# New Workstation [i5 2500, H67] Intel Integrated Video Query



## teneightypea (Apr 1, 2011)

I am planning on setting up a new workstation based on Intel i5 and the H67 chipset for the motherboard; likely an Intel motherboard.

Current component list is:

Motherboard:- Intel DH67CL
CPU:- Intel i5 2500
RAM:- Corsair 4GB Dual Channel (CMV4GX3M2A1333C9) (x2)
OS HDD:- Intel x25M SSD (likely 80GB)
Data HDD:- Seagate 2TB (x2)
PSU:- Undecided
Case:- Undecided

The reason I liked the H67 chipset is the integrated video feature; the chip can output HDMI & DVI-D at the same time without the need for a dedicated PCIe x16 GFX card.

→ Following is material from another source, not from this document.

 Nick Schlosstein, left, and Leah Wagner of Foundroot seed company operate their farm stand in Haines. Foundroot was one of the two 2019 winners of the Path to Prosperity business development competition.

The work I am planning to do is not going to require any 3D or heavy performance which is why I'd like to stick to the integrated graphics.

My question is regarding any success or problems you have had with the new Intel integrated graphic chips. Have you been able to output to two monitors (both 1920x1080) successfully?

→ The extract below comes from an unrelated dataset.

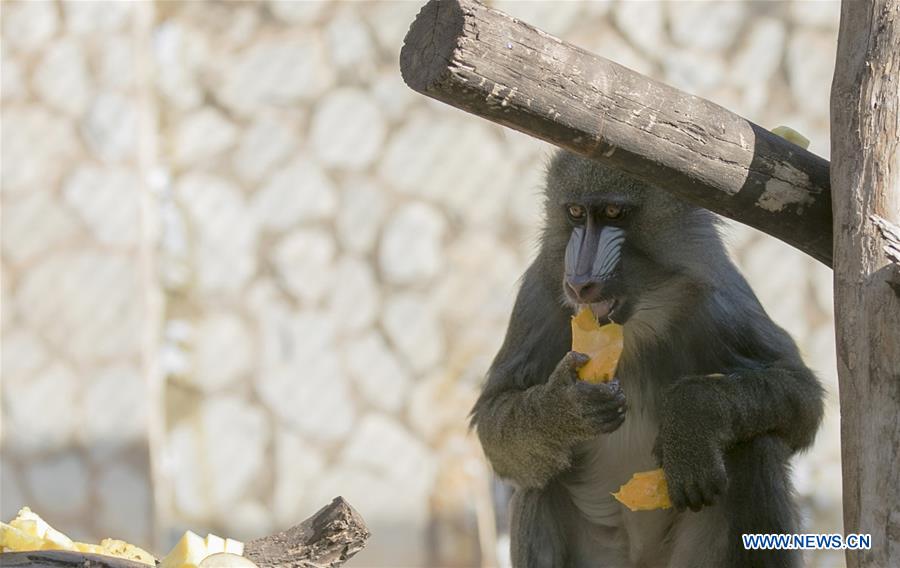A mandrill enjoys tropical fruit at the Yunnan Wild Animal Park in Kunming, capital of southwest China's Yunnan Province, Jan. 23, 2019. (Xinhua/He Chunhao)

I have had a snoop around (before registering this account) and noticed a few issues with Intel integrated video support especially regarding GEM, KMS, DRI. I did see this also: http://forums.freebsd.org/showthread.php?t=21852 but think it will be a while before things are usable.

Am I best to stick with Linux until driver support catches up? I am fairly keen to stay away from purchasing another GFX card.

*To Moderators* I did notice this thread: http://forums.freebsd.org/showthread.php?p=129631 but didn't want to hijack. Please move mine into his if it is too similar.


----------